Both Raanta and general manager John Chayka noted that there were several contract options on the table, but the three-year term ended up working best for both sides.

“A lot of these goalies that have had good numbers in a smaller body of work as a starter, they don’t typically hit the big deal, the home run,” Chayka said. “They have these types of almost bridge-type contracts. If Antti is able to sustain this for another couple of years, we’re probably right back at the table and the number is significantly higher.”

Chayka said that Raanta’s injury issues this season and his elite play when he was in net were two of the multiple factors that weighed into the deal.

“It all goes into it,” he said. “What we looked at is a body of work whenever he’s been in the net. Whether it’s as a backup, he’s been successful at stopping pucks at the NHL level and that’s been every year. He’s been a good goalie in the NHL.

“For us, there was some buy-in from the sense of players believe in him and play well in front of him and we were able to close out games and win games. He kind of earned their trust and respect from the coaching staff to the players. That means something for sure.”

Epp said the three-year deal could work out well for Raanta.

“We could have went longer but if we went longer we might have given away some upside if he continues to play the way he has this year,” Epp said. “In the future, he might have felt that he had taken less than what he could earn in the future.”

Raanta said it was a relief to get the deal completed before the season ended.

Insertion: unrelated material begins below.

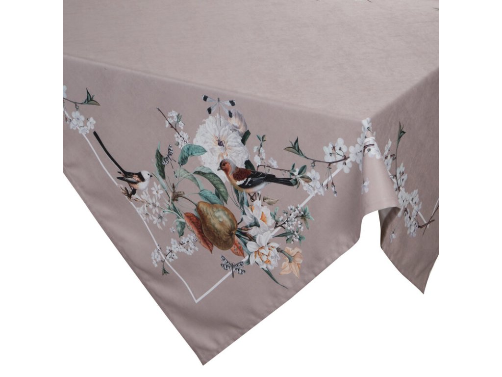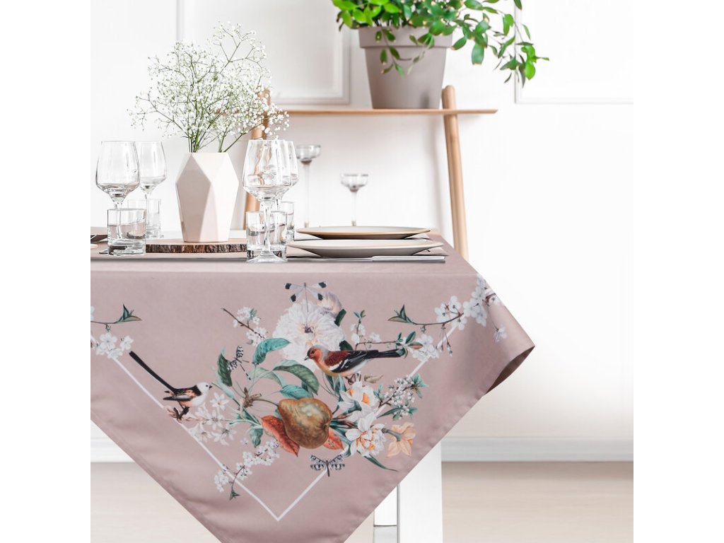 Béžový látkový obrus s kvalitnou potlačou rastlín je ideálnou voľbou pre milovníkov prírody a jemných detailov.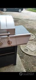 vendo barbecue 4 bruciatori con coperchio e termometro, due griglie in ghisa una liscia e una aperta. con griglia superiore scalda vivande. il barbecue è bello grande, è da giardino. completo di cappottina para intemperie. 100 euro per realizzo.

“Going back home, you don’t need to think about that any more. You can start looking forward and you can plan what you want to do in the summer,” he said. “I felt that three years was a good number. Obviously, you would want to make eight-year deals straight away but it’s not always that easy. I’m going to be 32 when this deal is done so I feel there might one more big deal for me and that’s the plan to move forward.”

Raanta said he sees a bright future for the Coyotes.

“The big thing is our young guys have improved so much this year,” he said. “There are always some growing pains in the process. We lost lots of games early in the season and lots of those losses came in the last 10 minutes in the third period. Figuring out what it takes to win in this league and what it takes to play under pressure, getting the right plays in the right time was huge for our young group.

“I think the mindset in our team changed also from the first to the second half. We didn’t any more go into the games when we were hoping to get something. I think we went into the games and we knew that we could win the games and that’s what we have been doing the second half.”